#### TASK PROMPT
Below are some records. Write out exactly their lines from the one with "上段はピンクッションのようで" through the one with "The university’s first", and leave the pictures behind.

─── AVAILABLE DATA ───

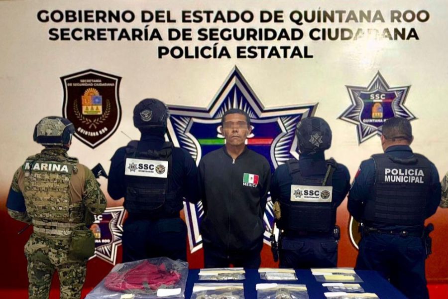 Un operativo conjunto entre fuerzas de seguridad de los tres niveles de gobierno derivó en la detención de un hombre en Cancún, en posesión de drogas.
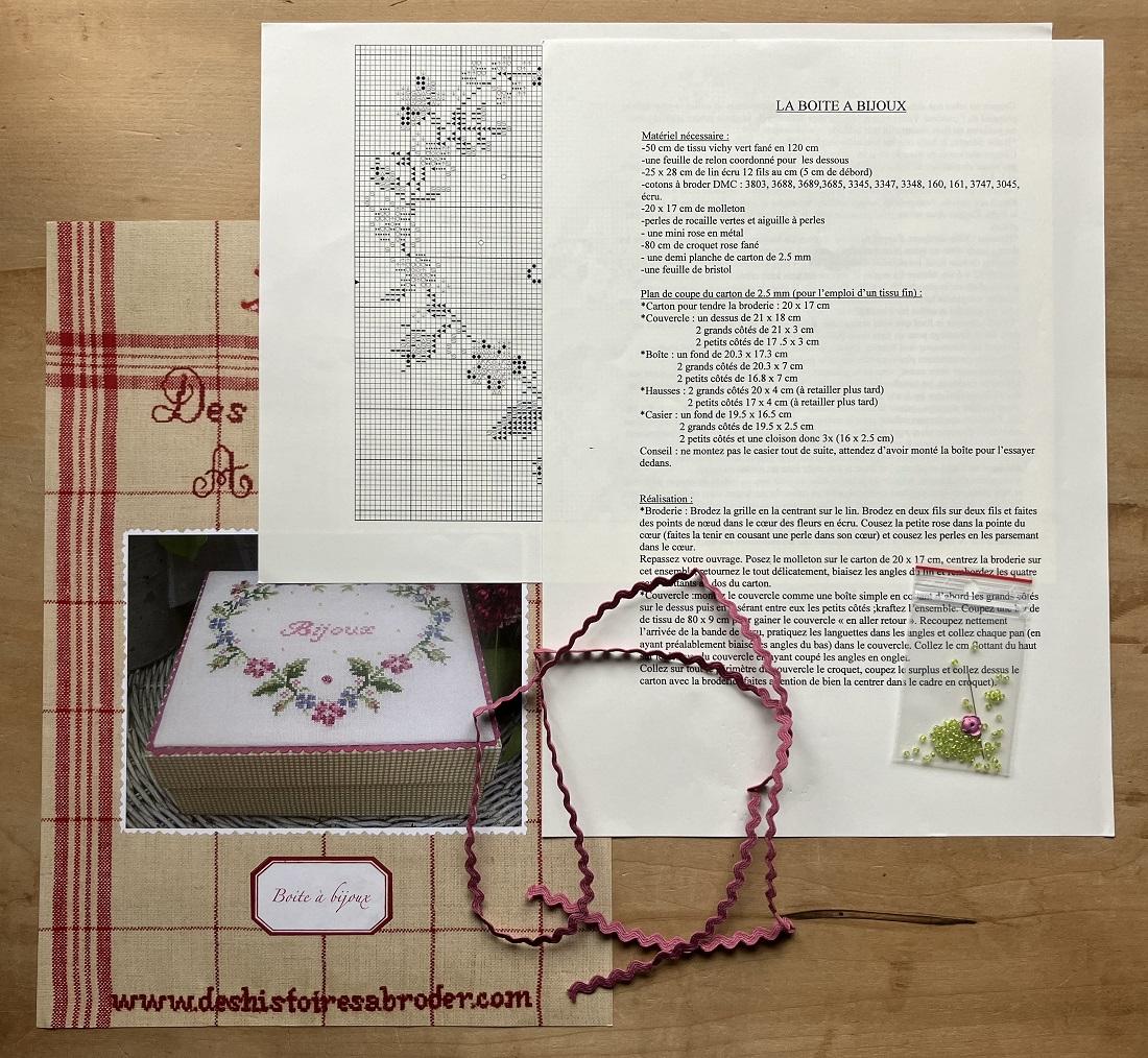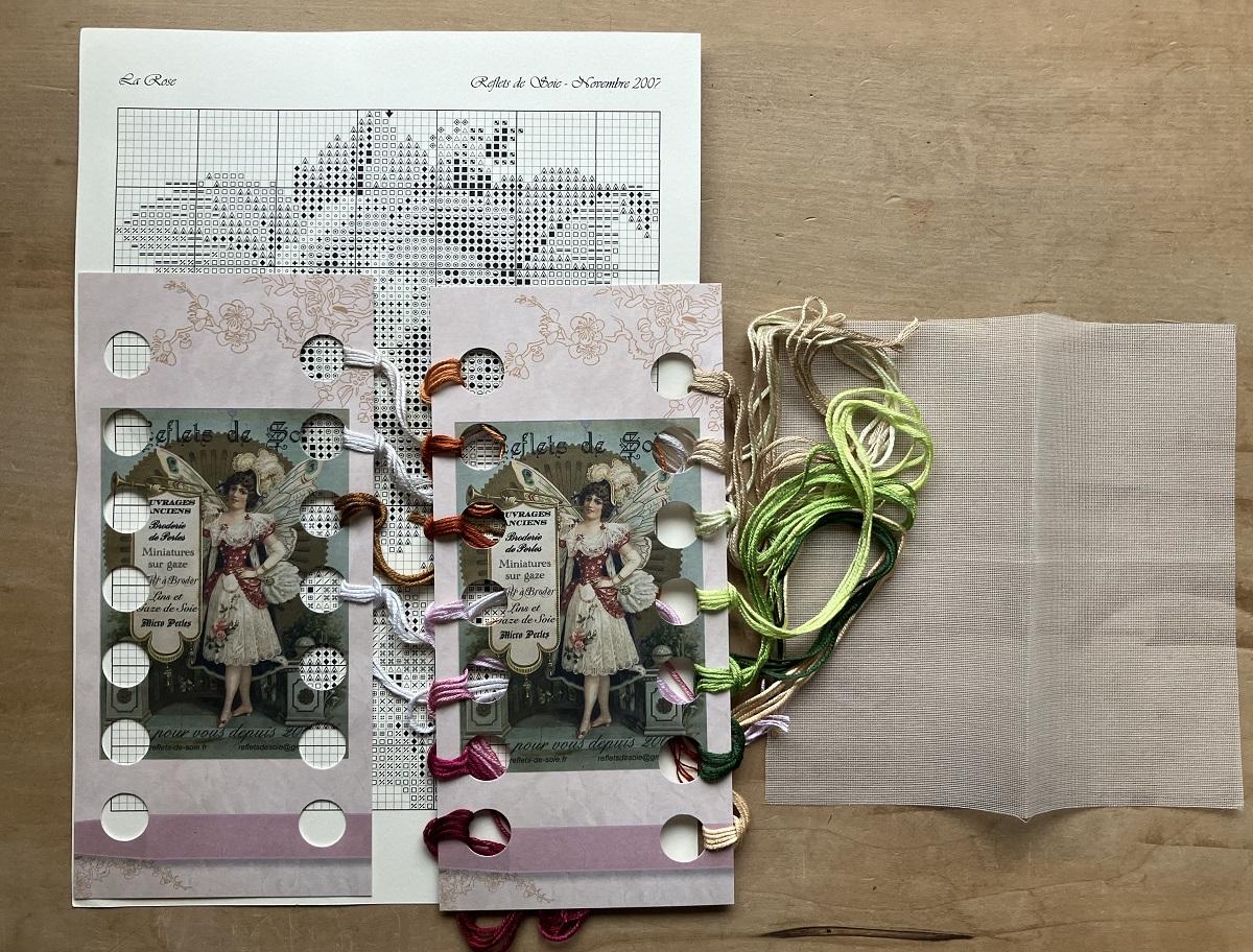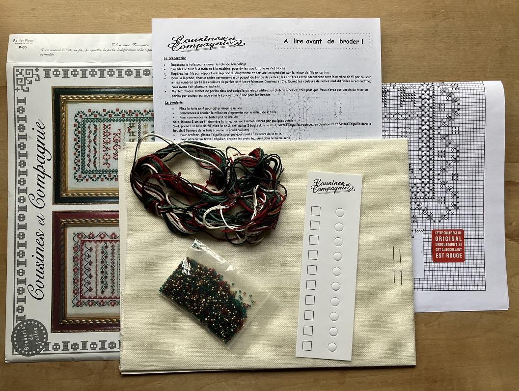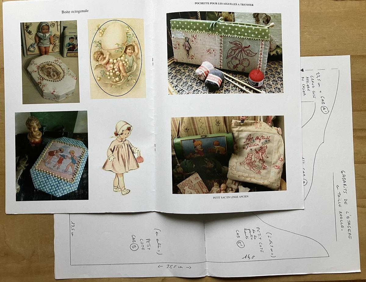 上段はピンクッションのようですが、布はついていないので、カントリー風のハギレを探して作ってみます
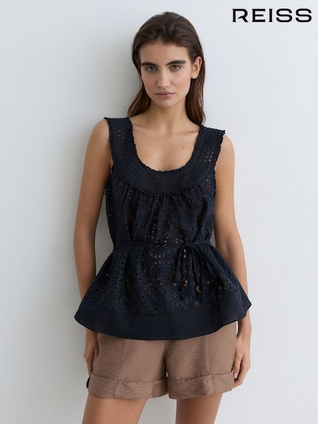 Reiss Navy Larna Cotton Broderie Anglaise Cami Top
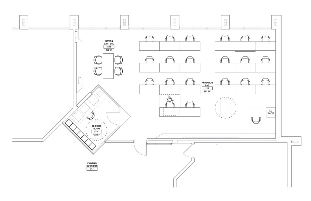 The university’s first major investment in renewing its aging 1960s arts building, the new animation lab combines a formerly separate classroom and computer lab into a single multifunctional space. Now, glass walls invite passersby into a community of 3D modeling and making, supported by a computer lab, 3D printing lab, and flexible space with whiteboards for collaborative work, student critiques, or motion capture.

───
─── AVAILABLE DATA ───

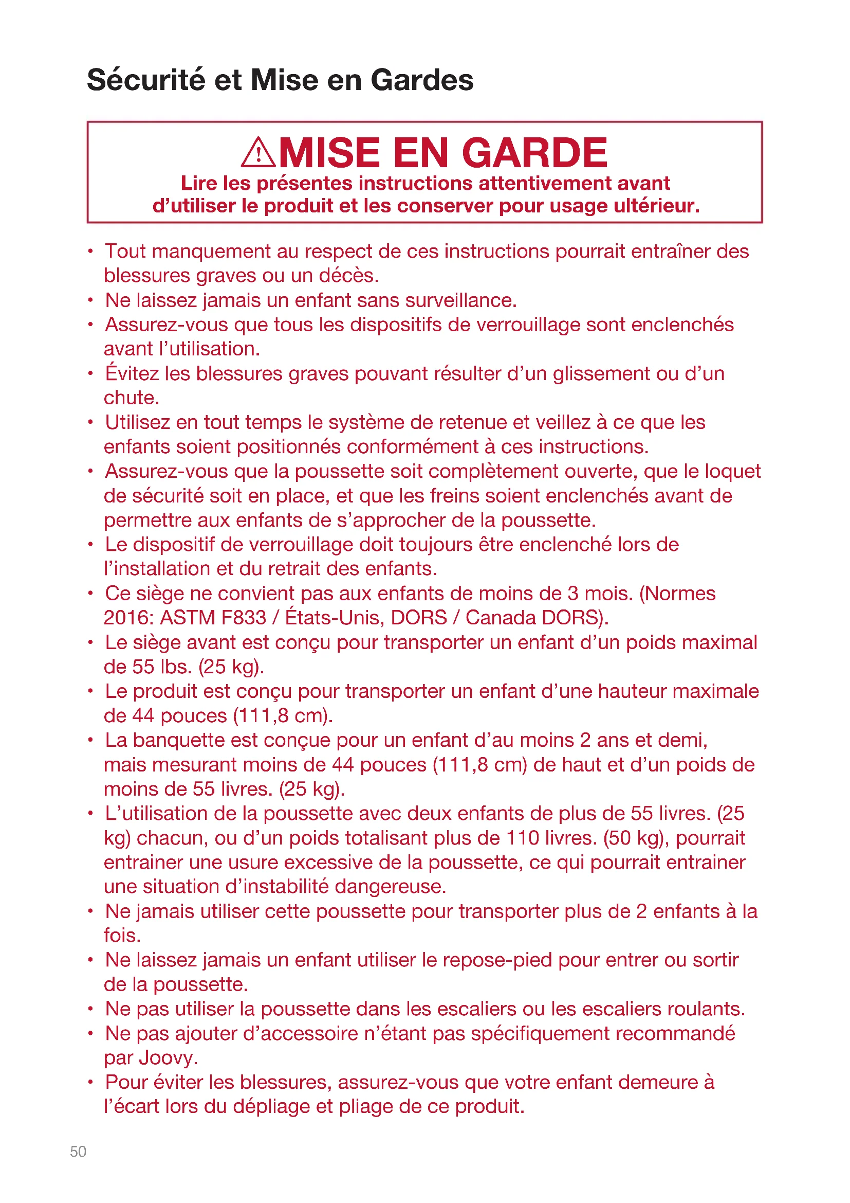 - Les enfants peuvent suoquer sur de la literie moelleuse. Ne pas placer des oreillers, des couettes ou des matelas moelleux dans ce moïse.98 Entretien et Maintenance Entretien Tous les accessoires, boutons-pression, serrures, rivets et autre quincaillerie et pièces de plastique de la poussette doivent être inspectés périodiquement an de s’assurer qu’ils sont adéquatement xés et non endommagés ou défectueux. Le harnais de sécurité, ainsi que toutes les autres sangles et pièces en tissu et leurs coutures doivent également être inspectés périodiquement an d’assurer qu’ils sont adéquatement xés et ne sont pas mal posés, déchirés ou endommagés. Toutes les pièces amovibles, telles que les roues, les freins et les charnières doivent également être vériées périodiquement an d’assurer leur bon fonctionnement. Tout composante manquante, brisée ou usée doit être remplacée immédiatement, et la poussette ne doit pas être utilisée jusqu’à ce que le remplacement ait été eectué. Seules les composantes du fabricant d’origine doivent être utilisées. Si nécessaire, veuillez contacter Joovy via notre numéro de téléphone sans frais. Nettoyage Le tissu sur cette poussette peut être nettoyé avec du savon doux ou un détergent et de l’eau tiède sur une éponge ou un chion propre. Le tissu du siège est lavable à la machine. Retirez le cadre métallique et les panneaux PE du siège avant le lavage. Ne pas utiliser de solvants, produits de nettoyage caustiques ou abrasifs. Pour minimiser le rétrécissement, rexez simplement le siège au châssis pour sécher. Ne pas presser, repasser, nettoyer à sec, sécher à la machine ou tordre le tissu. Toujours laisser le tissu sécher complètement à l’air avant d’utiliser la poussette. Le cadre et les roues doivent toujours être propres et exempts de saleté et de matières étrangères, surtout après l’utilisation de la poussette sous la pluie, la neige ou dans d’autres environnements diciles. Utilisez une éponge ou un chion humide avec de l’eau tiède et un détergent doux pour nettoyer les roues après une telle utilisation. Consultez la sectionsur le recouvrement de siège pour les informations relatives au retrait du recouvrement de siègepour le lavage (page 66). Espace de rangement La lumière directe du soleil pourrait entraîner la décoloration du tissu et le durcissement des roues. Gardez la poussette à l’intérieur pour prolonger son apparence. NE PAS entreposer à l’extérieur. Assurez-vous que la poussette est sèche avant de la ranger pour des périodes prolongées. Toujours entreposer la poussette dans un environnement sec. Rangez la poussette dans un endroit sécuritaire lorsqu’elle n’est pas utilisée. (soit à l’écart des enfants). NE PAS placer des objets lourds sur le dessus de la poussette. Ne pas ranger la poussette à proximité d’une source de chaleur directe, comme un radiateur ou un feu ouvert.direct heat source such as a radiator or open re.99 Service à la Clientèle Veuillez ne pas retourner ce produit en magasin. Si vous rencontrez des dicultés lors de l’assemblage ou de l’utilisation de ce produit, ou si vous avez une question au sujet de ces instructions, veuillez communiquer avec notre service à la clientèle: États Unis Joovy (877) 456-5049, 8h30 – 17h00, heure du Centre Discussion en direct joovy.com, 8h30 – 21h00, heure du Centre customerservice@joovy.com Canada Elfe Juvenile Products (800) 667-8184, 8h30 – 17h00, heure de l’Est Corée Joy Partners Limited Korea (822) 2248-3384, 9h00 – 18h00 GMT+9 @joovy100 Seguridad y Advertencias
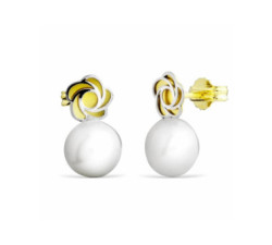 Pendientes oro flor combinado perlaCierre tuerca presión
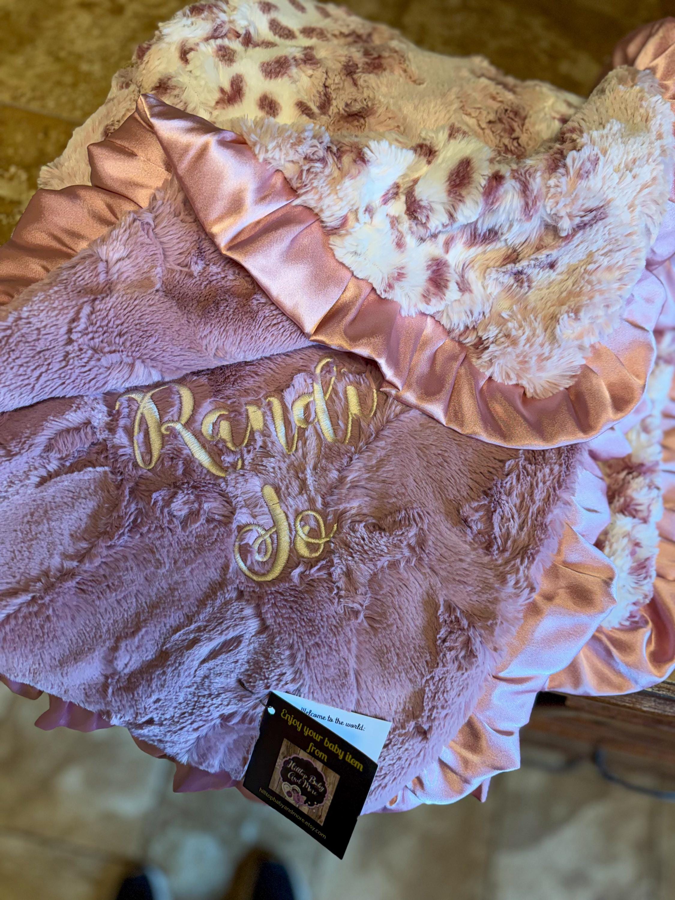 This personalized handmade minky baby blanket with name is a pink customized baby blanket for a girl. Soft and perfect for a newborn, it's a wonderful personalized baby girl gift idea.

───

#### REPLY TO THE EXERCISE
 上段はピンクッションのようですが、布はついていないので、カントリー風のハギレを探して作ってみます
 Reiss Navy Larna Cotton Broderie Anglaise Cami Top
 The university’s first major investment in renewing its aging 1960s arts building, the new animation lab combines a formerly separate classroom and computer lab into a single multifunctional space. Now, glass walls invite passersby into a community of 3D modeling and making, supported by a computer lab, 3D printing lab, and flexible space with whiteboards for collaborative work, student critiques, or motion capture.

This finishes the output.